While we waiting in the emergency examining room, I could hear a couple of family arguments in the adjoining areas. Emergency rooms often bring out the Jerry Springer guests in people.

In the end, the opthalmological resident, Dr. Mandell, gave me a full exam – including poking at my eye with a metal stick – and found a couple of small holes in my retina.

Frickin’ Laser Beams on My Frickin’ Head

“They’re tiny holes, but we can use a laser to seal them so that your vitreous doesn’t leak under them, which will eventually cause a detachment. The vitreous is tugging at your retina a little; I can tell from the tenting.”

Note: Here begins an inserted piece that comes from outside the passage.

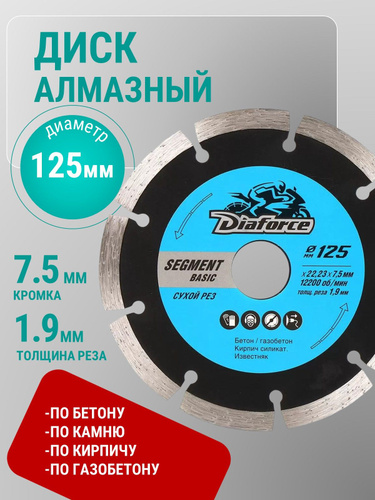 Алмазные диски Dia for ce Basi c предназначены для резки бетона, натурального и искусственного камня, кирпича, а так же
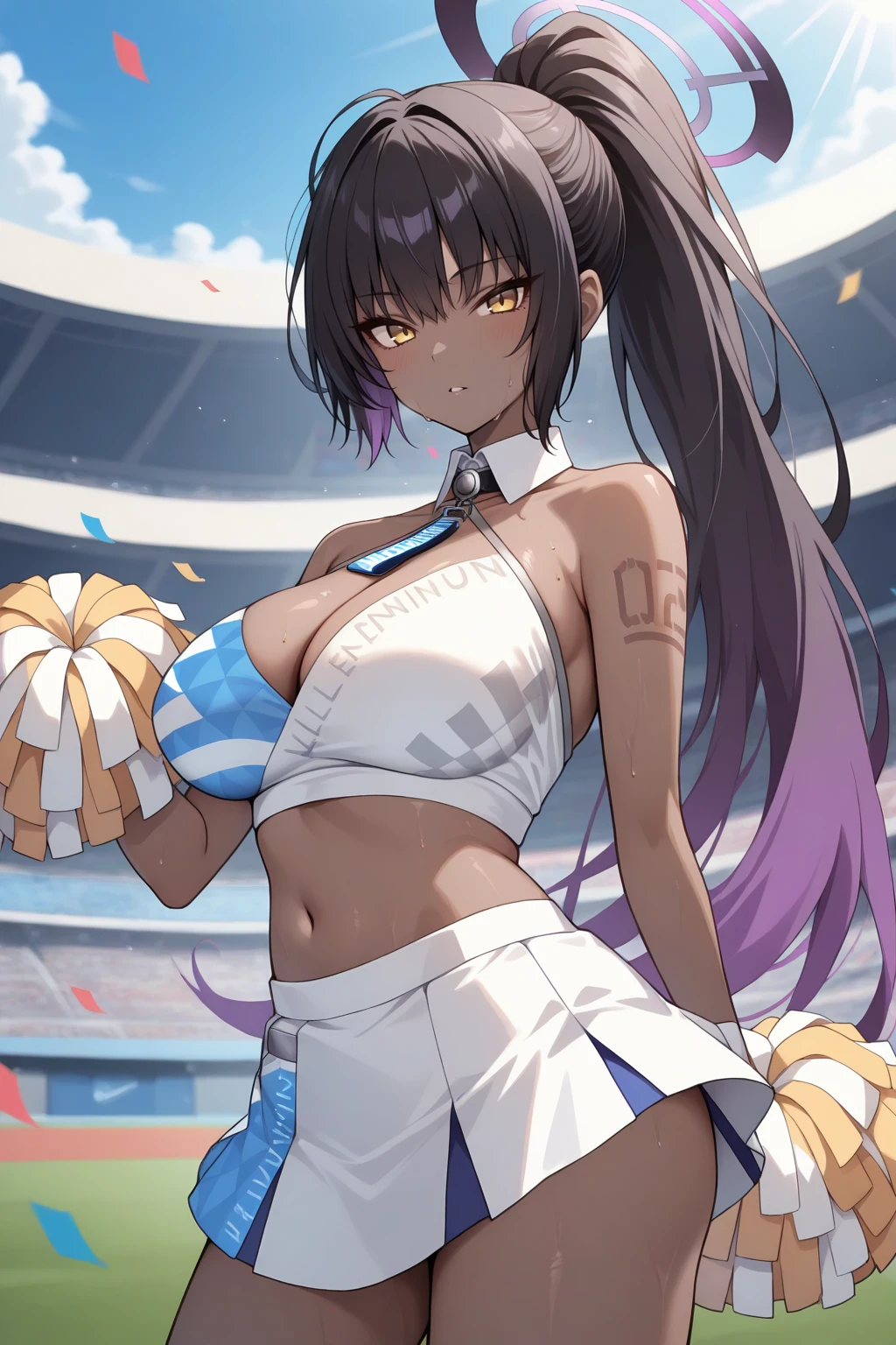 Outfit 4 : ponytail, cheerleader, detached collar, two-tone sports bra, blue sports bra, white sports bra, halterneck, cleavage, bare shoulders, midriff, two-tone skirt, blue skirt, white skirt

I resisted the urge to go all Beavis and Butt-Head and say “Huh-huh-huh, you said ‘tenting’.”

It was after the clinic’s hours, so we had to wait for a security guy to open the locked room where the laser lenses were stored. While Dr. Mandell was going about trying to get his hands on the lenses, Wendy took this photo of me on her phone:

Laser eye thingy

The laser was computer-controlled, and guess what it ran:


Win2K? I’ve got some Windows 7 discs,” I joked with Wendy. “Maybe I can upgrade him before he comes back.”

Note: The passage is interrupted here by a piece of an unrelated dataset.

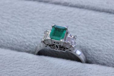 エメラルドとピンクゴールドの組み合わせをご提案させていただきとても気に入っていただき決めていただきました。

The procedure involved my holding my head very still in the headrest. Dr. Mandell held a lens covered with goop to my eyeball, through which he focused a laser to do the retinal spot-welding.

“Keep your head still,” he said. “You don’t want the laser to hit the wrong thing.”

“No, I don’t,” I said in agreement.

All I saw was about ten seconds of a bright flashing green light. Then another ten seconds. Then another ten seconds, after which he said “All done.”

The Floater Remains

There’s only one thing the laser couldn’t fix:


I was told that it would eventually dissolve…”in weeks, perhaps months.”

It’s only slightly annoying when I’m looking at things that are an arm’s length away or farther. When I focus on objects at those distances, the floater becomes a blurred-out grey region and isn’t too hard to deal with. Reading, using the computer and driving aren’t really affected by it.

However, when I focus on objects close by, the floater comes sharply into focus and it seems as though I’m viewing the world through the aforementioned jar of baby oil with a dead ant floating in it. I noticed this when looking through my camera’s viewfinder. Any career aspirations to become a sniper, astronomer, diamond merchant or anything that requires me to look through a viewing lens will have to be put on hold.

Name the Floater!

Since I’m going to be stuck with this thing for a while, I might as well have some fun with it. I should give it a name. And that’s where you come in. I’m taking suggestions for names in the comments, and whoever comes up with the best name will get at $25 ThinkGeek or Amazon gift certificate from Yours Truly.

And no, “Floaty” is not a good name. Get creative!